The intervals for $x$ are $[L, a)$ when $y_1 = 1$, the singleton $[a, a]$ when $y_2 = 1,$ and $(a, U]$ when $y_3 = 1.$ Unfortunately, the user cannot have what the user wants because the feasible region of a MIP model must be closed, and the first and third intervals in Figure 1 are not closed. Closing them results in Figure 2.

 Figure 2

The intervals for $x$ are now $[L, a],$ $[a, a]$ and $[a, U].$ The good news is that this decomposition is easy to accomplish. The bad news is that the user likely will not accept it. If $x=a$, any one of the $y$ variables could take the value 1, so any of the three conditions could be triggered.

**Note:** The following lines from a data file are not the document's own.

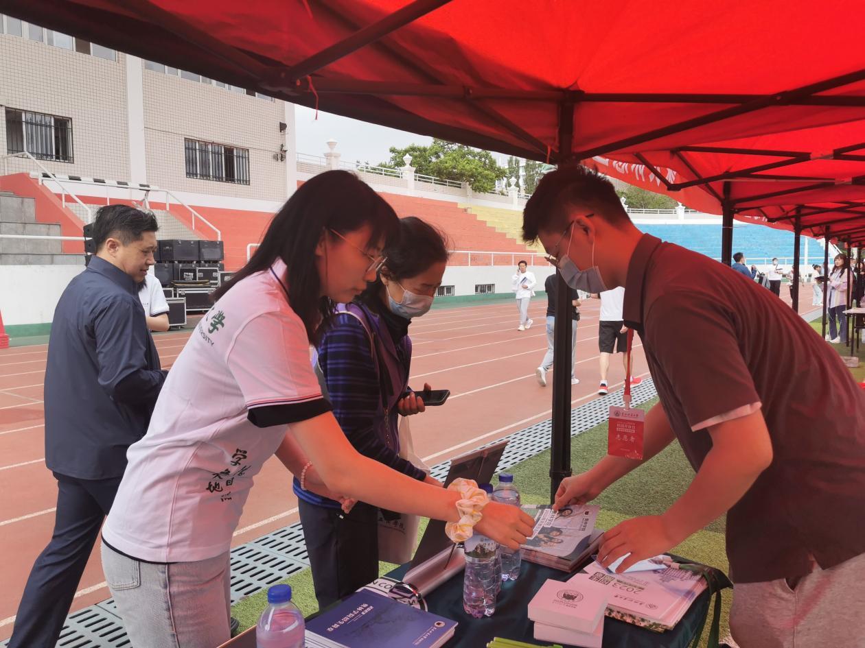 学院还在田径场设置展台,为前来咨询的家长多角度解决疑问。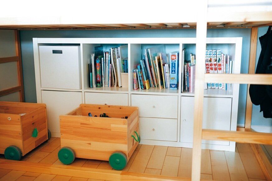 進級時に学校の物を入れ替えるタイミングで、おもちゃや本も見直し。もう遊ばない物、使っていない物は知人に譲るなどして、ベッド下の収納ボックスに収まる量をキープします。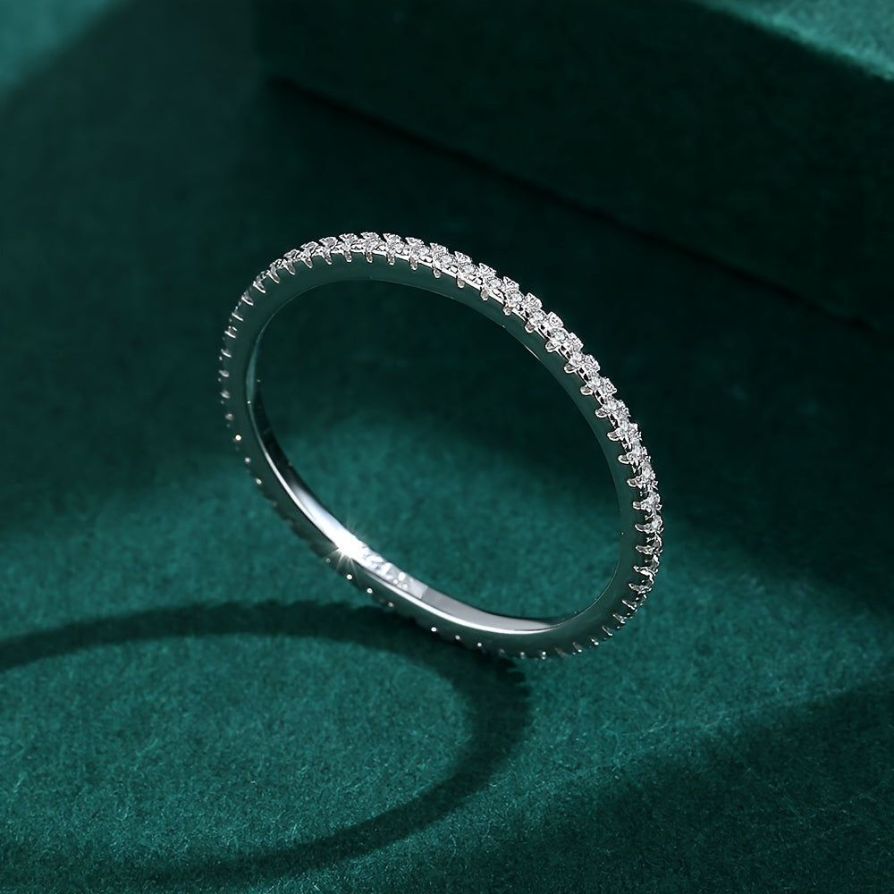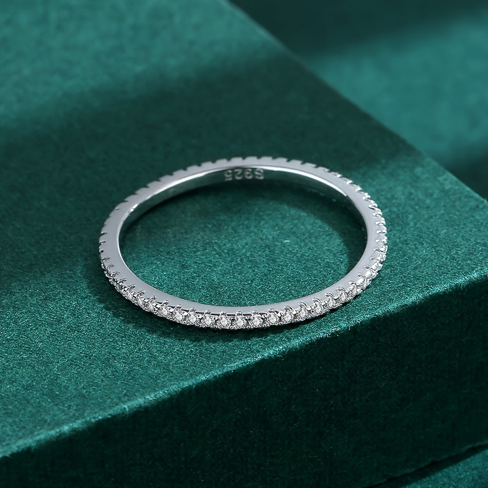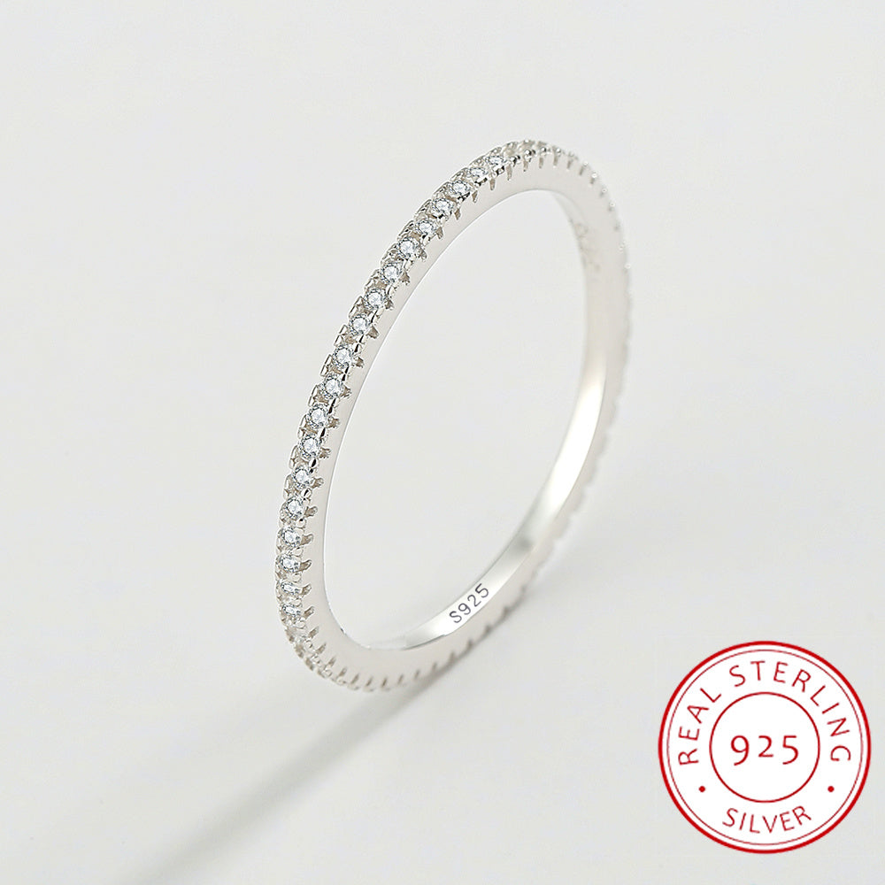 This stunning 925 sterling silver band ring features zircon stones and is perfect for weddings, eternity bands, or everyday wear. It makes a great gift for women and girls.

This brings us to the first (and more common) of two possible compromises. We can change the strict inequality $x > a$ to the weak inequality $x \ge a + \epsilon$ where $\epsilon$ is some small positive number, and do something analogous with the left interval. The result is Figure 3.

 Figure 3

Now $y_1=1 \implies x \le a-\epsilon,$ $y_2 = 1 \implies x=a,$ and $y_3=1 \implies x \ge a + \epsilon.$ The good news is that all three intervals are closed. The bad news is that values of $x$ between $a-\epsilon$ and $a$ or between $a$ and $a + \epsilon$ are suddenly infeasible, whereas they were feasible in the original problem. Also note that any tiny deviation from $a$ will throw $x$ into no man's land. That leads to one more possibility, involving yet another positive constant $\delta < \epsilon$ and shown in Figure 4.

 Figure 4
In this version, the domain of $x$ is broken into the closed intervals $[L, a-\epsilon],$ $[a-\epsilon +\delta, a+\epsilon - \delta]$ and $[a+\epsilon, U].$ There are still values of $x$ that were feasible in the original model but no longer feasible, but now you get to count values of $x$ "close" to $a$ as signalling the second of your three conditions.

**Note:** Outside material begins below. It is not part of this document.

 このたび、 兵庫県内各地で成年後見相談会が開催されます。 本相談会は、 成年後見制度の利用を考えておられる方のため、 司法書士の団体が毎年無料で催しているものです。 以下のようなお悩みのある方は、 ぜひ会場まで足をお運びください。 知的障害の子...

The algebra to put either Figure 3 or Figure 4 into force is actually pretty straightforward. You just need to write a pair of inequalities $\dots \le x \le \dots$ where the left side expression is the sum of each $y$ variable times the lower bound that would apply when that variable is 1 and the right expression is the sum of each $y$ variable times the upper bound that would apply. So for Figure 3, where the intervals are $[L, a-\epsilon],$ $[a,a]$ and $[a+\epsilon, U]$, we would have $$Ly_1 + a y_2 + (a+\epsilon)y_3 \le x \le (a-\epsilon)y_1 + a y_2 + Uy_3.$$ For Figure 4, the constraints would be $$Ly_1 + (a-\epsilon+\delta)y_2 + (a+\epsilon)y_3 \le x \le (a-\epsilon)y_1 + (a+\epsilon-\delta) y_2 + Uy_3.$$

There is one "tactical" point to consider. When this is first explained to someone who was unaware that strict inequalities are verboten, they are often tempted to set $\epsilon = 10^{-G}$ where $G$ is the gross domestic product of their native country. The problem is that the solver is using finite precision computer arithmetic, and every solver has a tolerance value $\tau$ (small but not zero) such that coming within $\tau$ of satisfying a constraint is "close enough". If you pick $\epsilon$ (or $\delta$) too small, it has the same consequence as setting it equal to 0 in terms of how valid the solutions are. You can end up with a value of $a$ for $x$ (to within rounding error) triggering consequence $C_1$ or $C_3$ rather than $C_2$, or a value of $x$ strictly greater than $a$ triggering $C_2$ (or possibly even $C_1$), and so on. So $\epsilon$ (and, if needed, $\delta$) must be greater than the rounding tolerance used by the solver.